Shropshire Star

Grazing management decisions that get results

While grazing dairy cows there are fundamentally three key areas of focus, regardless of system type.

Published
Beth Howells

They are: maximising cost-effective animal performance, that is maintain or improve milk yields while reducing feed rates; achieve high animal health status; maintain optimum milk constituents.

Management and nutritional activities while grazing can get complicated, but we must ensure that those actions taken will actively focus on at least one of the above.

Intake is king, and turning cows, particularly higher yielding cows, into slightly higher grass covers can increase intake per bite and therefore total grass intake. This may come at a cost of a clean residual so consider topping or quickly going over the field with youngstock to allow for a clean regrowth.

Grass dry matter and daylight length are often overlooked when considering intake potential.
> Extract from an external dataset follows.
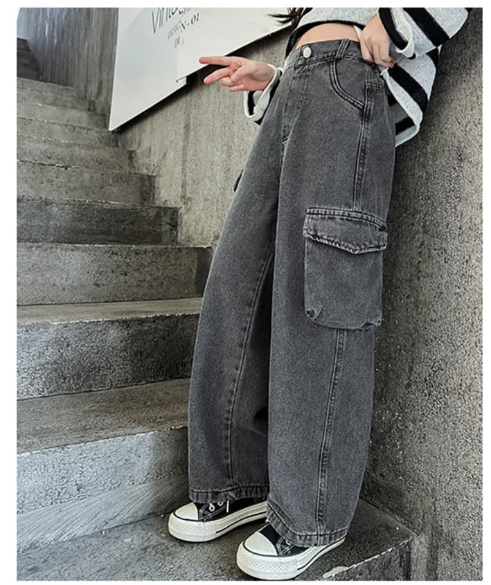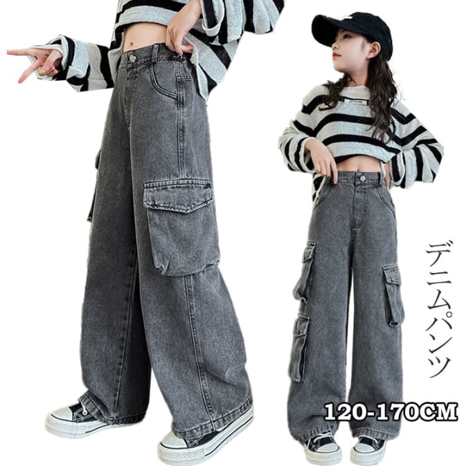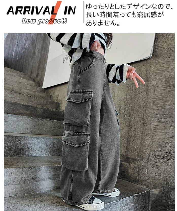 ■商品:カーゴパンツ デニムパンツ 女の子 子供服 120-170㎝ ワイドデニム デニムカーゴパンツ ゆったり ウエストゴム 韓国 ファッション コーデ おすすめ カジュアル きれいめ 大きいサイズ 人気 ゆったり 20代 30代 40代 50代

Consider a 12kg DMI of grass to be typical (14kg DMI is possible), at 22 per cent dry matter this equates to a fresh weight intake of 55.5kg which is achievable,

However after rain if dry matter drops to 17 per cent cows need to achieve 70.5 kg fresh weight. Along with a buffer feed, this intake becomes difficult to achieve.

Similar can be said for daylight hours. Cows graze very little or even not at all through night-time hours, therefore ensure grazing is budgeted to take this into account.